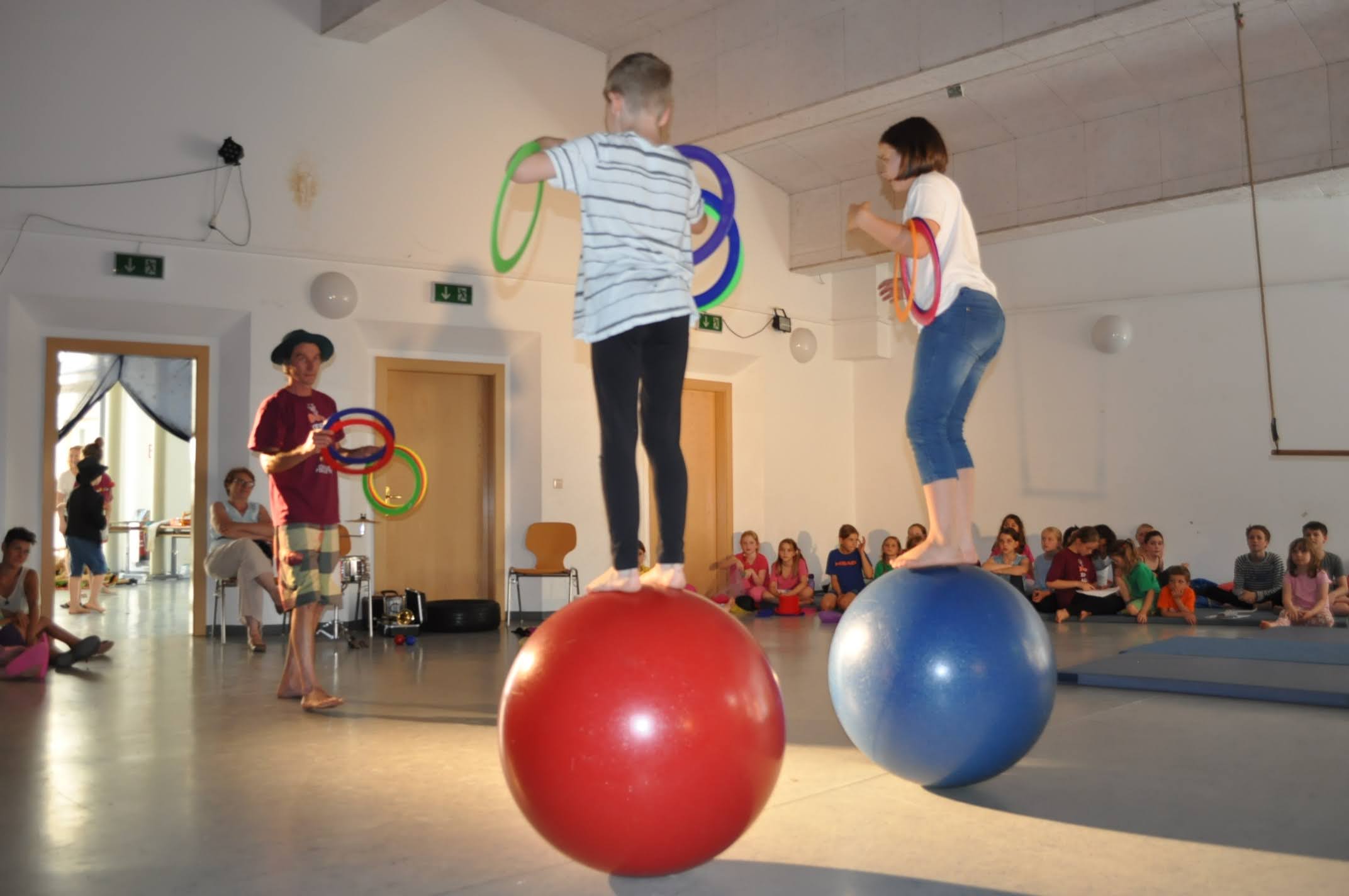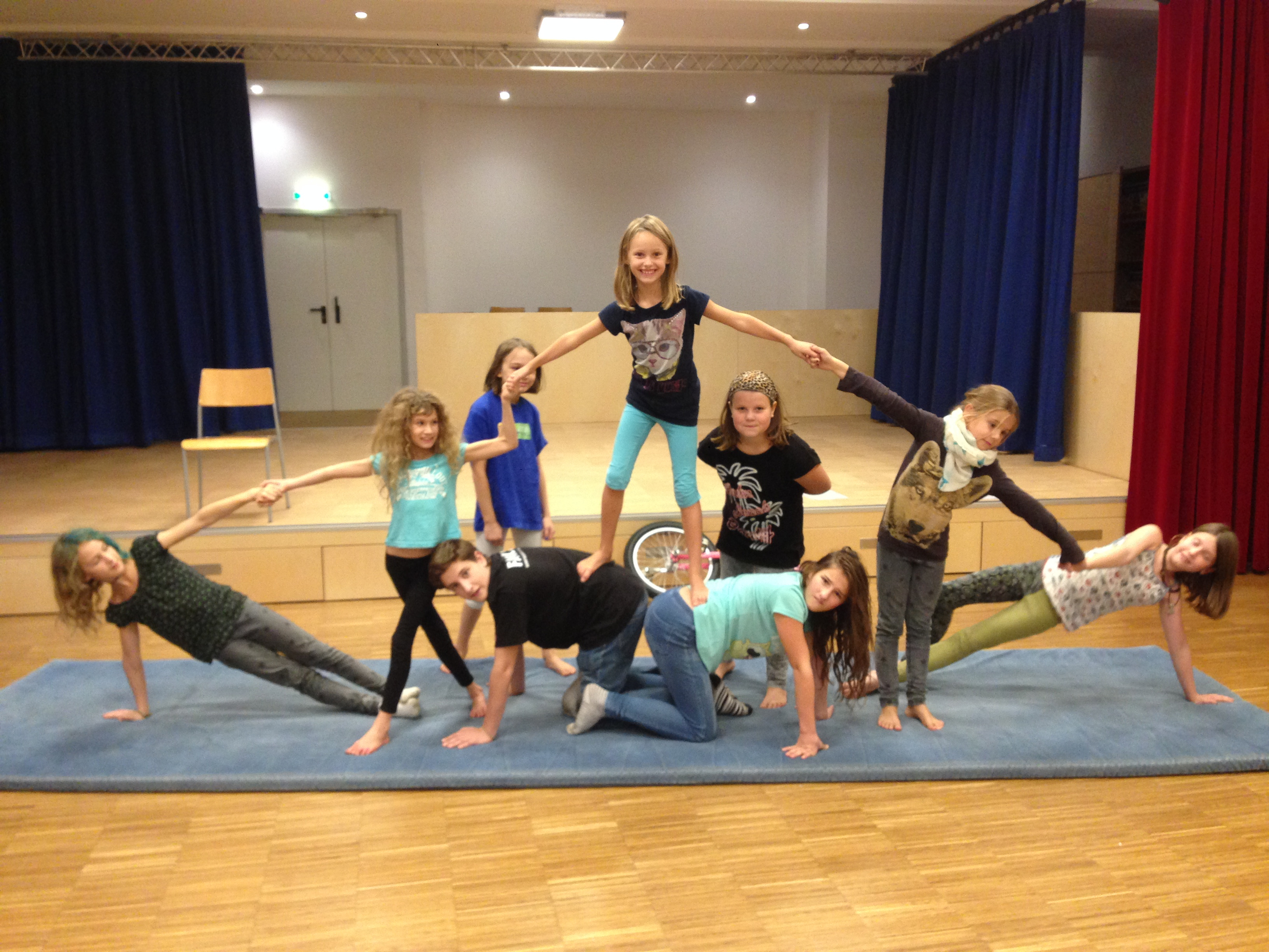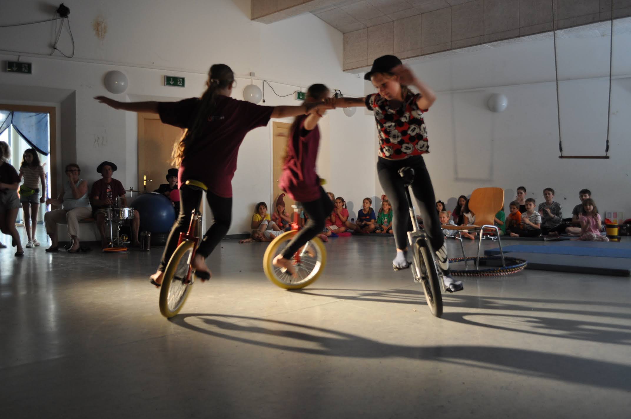 Die Kinder werden als Erstes in die verschiedenen Künste Akrobatik, Jonglieren, Pantomime, Zaubern, Äquilibristik und Clownerie spielerisch eingeführt. Dann werden wir – je nach Interessen der Kinder – kleine Artistengruppen bilden, die sich mit höchstens zwei Disziplinen intensiver befassen.
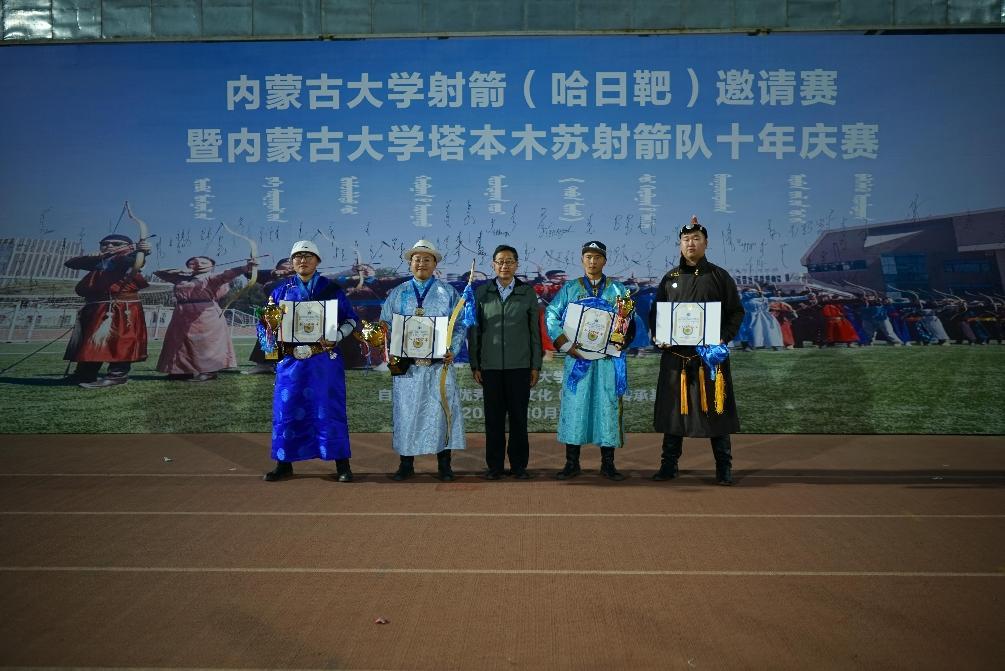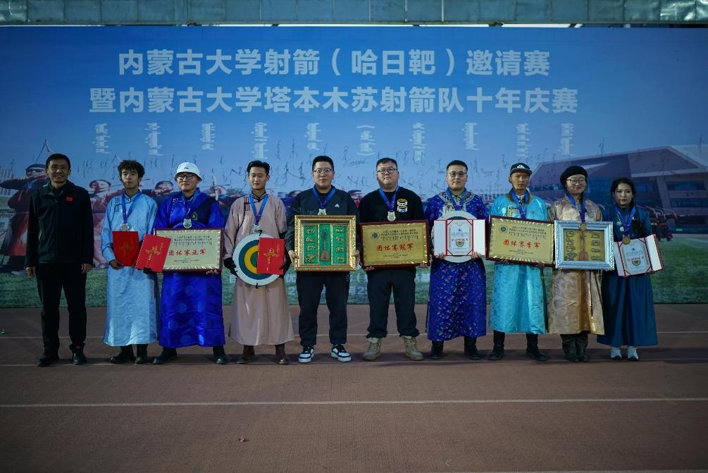 本次活动于2023年10月22日在必赢242net官网玉泉校区东区体育场举行。本次赛事是在必赢242net官网塔本木苏射箭队成立十年之际,为总结经验、强化校际之间交流、提高射艺水平,进一步增强中华民族共同体意识而举办的赛事活动。本次活动由必赢242net官网主办,邀请内蒙古师范大学、内蒙古农业大学、内蒙古工业大学、内蒙古科技大学、内蒙古医科大学、内蒙古财经大学、 呼和浩特民族学院、内蒙古艺术学院、 锡林郭勒职业学院等9支射箭队以及已经毕业离开学校的必赢242net官网塔本木苏射箭队的前队员共200余名运动员参赛。本次比赛,精彩纷呈,各校射箭健儿以精湛的技艺展示了射箭运动的独特魅力。经过一整天激烈角逐,最终必赢242net官网1队获团体冠军,内蒙古师范大学获得团体亚军,必赢242net官网2队获得团体季军;呼和浩特民族学院文峰获得个人冠军,内蒙古师范大学永平获得个个人亚军,必赢242net官网安格尔获得个人季军。
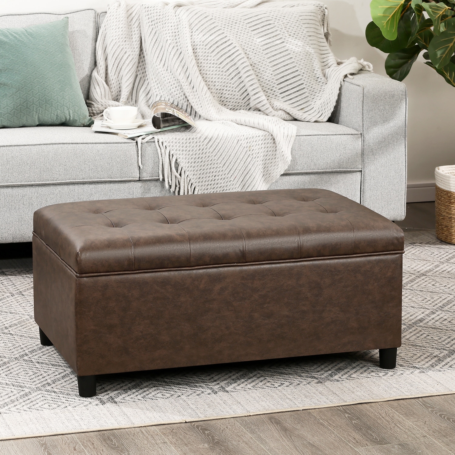 Adeco 35" Tufted Rectangular Storage Ottoman Bench
===============
§ **ACTIVITY**:
Apart from the images, every line above is to be given again exactly.

§ **REPLY**:
 Die Kinder werden als Erstes in die verschiedenen Künste Akrobatik, Jonglieren, Pantomime, Zaubern, Äquilibristik und Clownerie spielerisch eingeführt. Dann werden wir – je nach Interessen der Kinder – kleine Artistengruppen bilden, die sich mit höchstens zwei Disziplinen intensiver befassen.
 本次活动于2023年10月22日在必赢242net官网玉泉校区东区体育场举行。本次赛事是在必赢242net官网塔本木苏射箭队成立十年之际,为总结经验、强化校际之间交流、提高射艺水平,进一步增强中华民族共同体意识而举办的赛事活动。本次活动由必赢242net官网主办,邀请内蒙古师范大学、内蒙古农业大学、内蒙古工业大学、内蒙古科技大学、内蒙古医科大学、内蒙古财经大学、 呼和浩特民族学院、内蒙古艺术学院、 锡林郭勒职业学院等9支射箭队以及已经毕业离开学校的必赢242net官网塔本木苏射箭队的前队员共200余名运动员参赛。本次比赛,精彩纷呈,各校射箭健儿以精湛的技艺展示了射箭运动的独特魅力。经过一整天激烈角逐,最终必赢242net官网1队获团体冠军,内蒙古师范大学获得团体亚军,必赢242net官网2队获得团体季军;呼和浩特民族学院文峰获得个人冠军,内蒙古师范大学永平获得个个人亚军,必赢242net官网安格尔获得个人季军。
 Adeco 35" Tufted Rectangular Storage Ottoman Bench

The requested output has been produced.